I have implemented longest path calculation of a weighted DAG using R igraph.
My implementation (shown below) is slow for large graphs. I would greatly appreciate any hints to speed it up. Any thoughts on how far my implementation is from the best known/typical algorithm is also welcome.
Thanks!
# g is the igraph DAG
# g <- graph.tree(10000, 2, mode="out")
# E(g)$weight <- round(runif(length(E(g))),2) * 50
# Topological sort
tsg <- topological.sort(g)
# Set root path attributes
# Root distance
V(g)[tsg[1]]$rdist <- 0
# Path to root
V(g)[tsg[1]]$rpath <- tsg[1]
# Get longest path from root to every node
for(node in tsg[-1])
{
# Get distance from node's predecessors
w <- E(g)[to(node)]$weight
# Get distance from root to node's predecessors
d <- V(g)[nei(node,mode="in")]$rdist
# Add distances (assuming one-one corr.)
wd <- w+d
# Set node's distance from root to max of added distances
mwd <- max(wd)
V(g)[node]$rdist <- mwd
# Set node's path from root to path of max of added distances
mwdn <- as.vector(V(g)[nei(node,mode="in")])[match(mwd,wd)]
V(g)[node]$rpath <- list(c(unlist(V(g)[mwdn]$rpath), node))
}
# Longest path length is the largest distance from root
lpl <- max(V(g)$rdist)
# Enumerate longest path
lpm <- unlist(V(g)[match(lpl,V(g)$rdist)]$rpath)
V(g)$critical <- 0
g <- set.vertex.attribute(g, name="critical", index=lpm, value=1)
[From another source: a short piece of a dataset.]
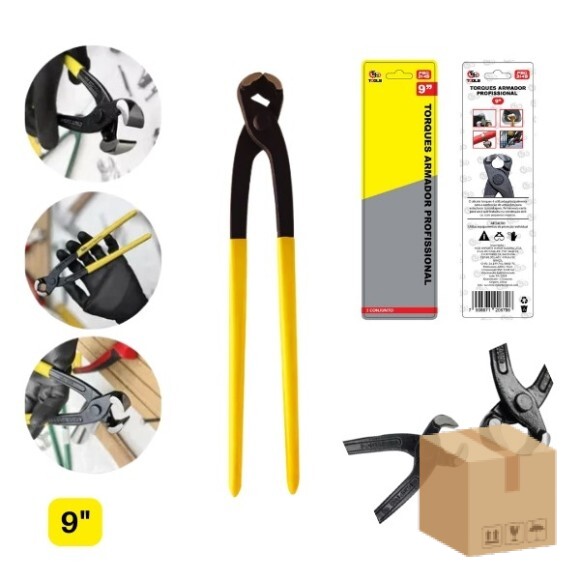 Descrição: Alicate de tamanho 9´´ com 23 cm e cabo emborrachado. O alicate torques é utilizado principalmente para a confecção de armações para estruturas concretagem.
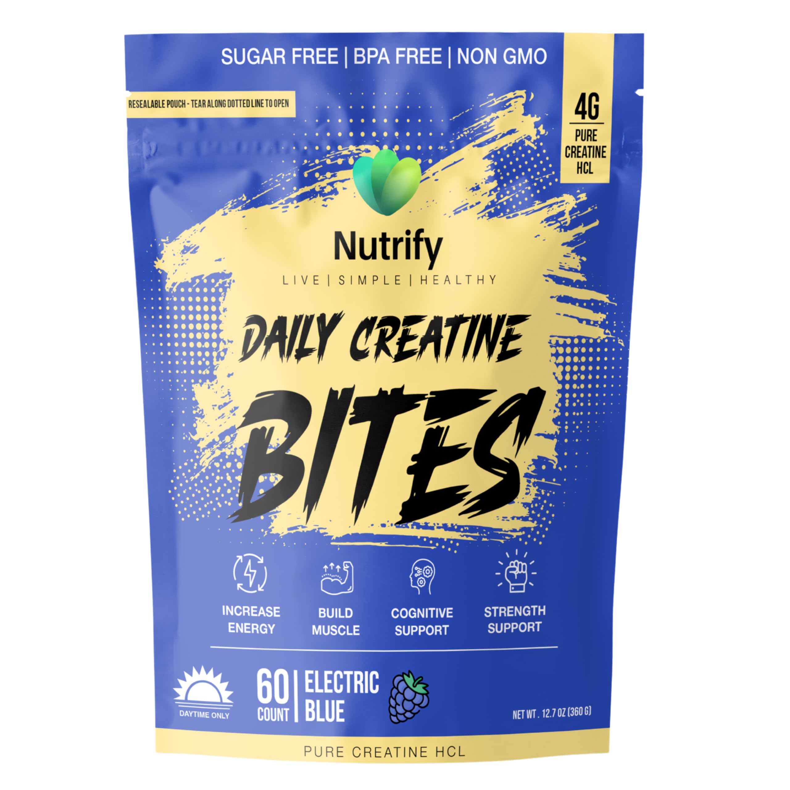 Nutrify Daily Creatine Gummies for Women and Men - 4g Creatine Monohydrate per Serving for Muscle Growth & Recovery -Sugar Free Low-Calorie with Vitamin B12 for Energy Boost 60 Count - Electric Blue

I also had a slow R version. It was taking ~20 minutes for 200k edges and 30k vertices, so I broke down and implemented
get.shortest.paths()for graphs with negative edge weights, which you can use to find longest paths by inverting all edge weights. You can try my fork of Rigraphhere.I experienced between 100x and 1000x speedup when switching from my R implementation to C.